Author Company Email URI
Austin Wright (editor) aaa@bzfx.net
Ben Hutton (editor) Postman ben@jsonschema.dev https://jsonschema.dev

Footnotes

  1. Note that the type keyword in this specification defines an "integer" type which is not part of the data model. Therefore a format attribute can be limited to numbers, but not specifically to integers. However, a numeric format can be used alongside the type keyword with a value of "integer", or could be explicitly defined to always pass if the number is not an integer, which produces essentially the same behavior as only applying to integers.

  2. Specifying the Format-Annotation vocabulary and enabling validation in an implementation should not be viewed as being equivalent to specifying the Format-Assertion vocabulary since implementations are not required to provide full validation support when the Format-Assertion vocabulary is not specified.

  3. This matches the current reality of implementations, which provide widely varying levels of validation, including no validation at all, for some or all format attributes. It is also designed to encourage relying only on the annotation behavior and performing semantic validation in the application, which is the recommended best practice.

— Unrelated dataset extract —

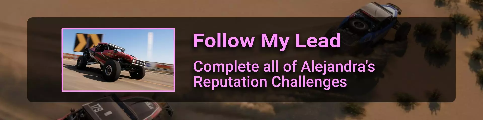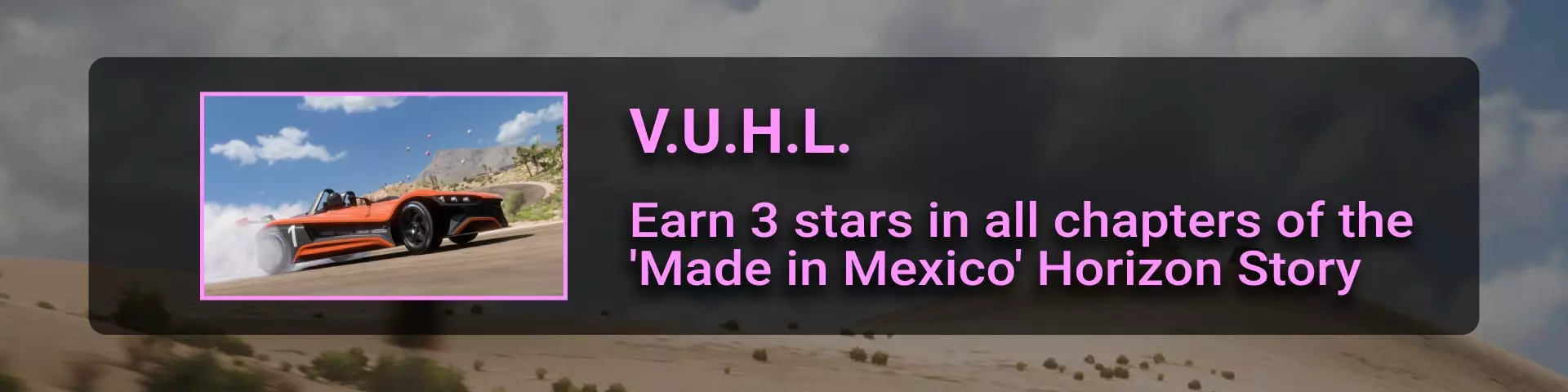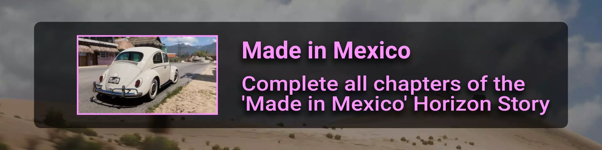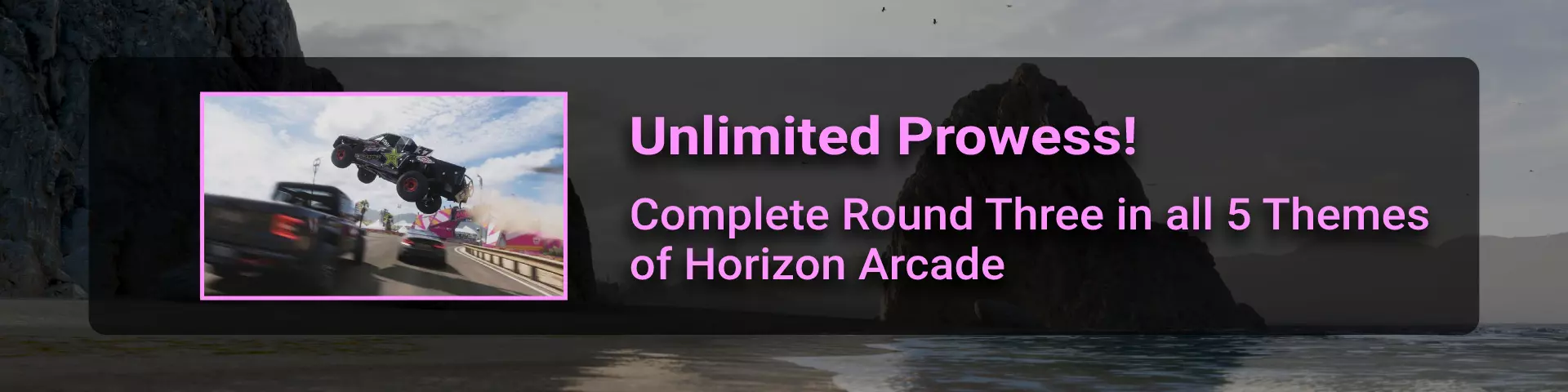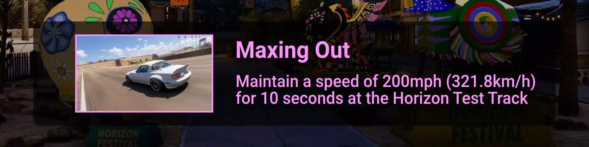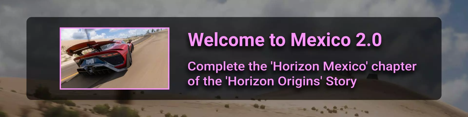完成序章后,地平线街机活动将在墨西哥各地刷新。驾驶到这些粉色圆圈处(或直接传送),等待活动开始并参与其中。你不需要赢得活动,但尝试一下是值得的,因为你需要赢得5场活动才能解锁【Unlimited Prowess!】成就。 活动外观如下:

  4. The expectation is that for simple formats such as date-time, syntactic validation will be thorough. For a complex format such as email addresses, which are the amalgamation of various standards and numerous adjustments over time, with obscure and/or obsolete rules that may or may not be restricted by other applications making use of the value, a minimal validation is sufficient. For example, an instance string that does not contain an "@" is clearly not a valid email address, and an "email" or "hostname" containing characters outside of 7-bit ASCII is likewise clearly invalid.

  5. There is not currently consensus on the need for supporting all RFC 3339 formats, so this approach of reserving the namespace will encourage experimentation without committing to the entire set. Either the format implementation requirements will become more flexible in general, or these will likely either be promoted to fully specified attributes or dropped.

  6. This section to be removed before leaving Internet-Draft status.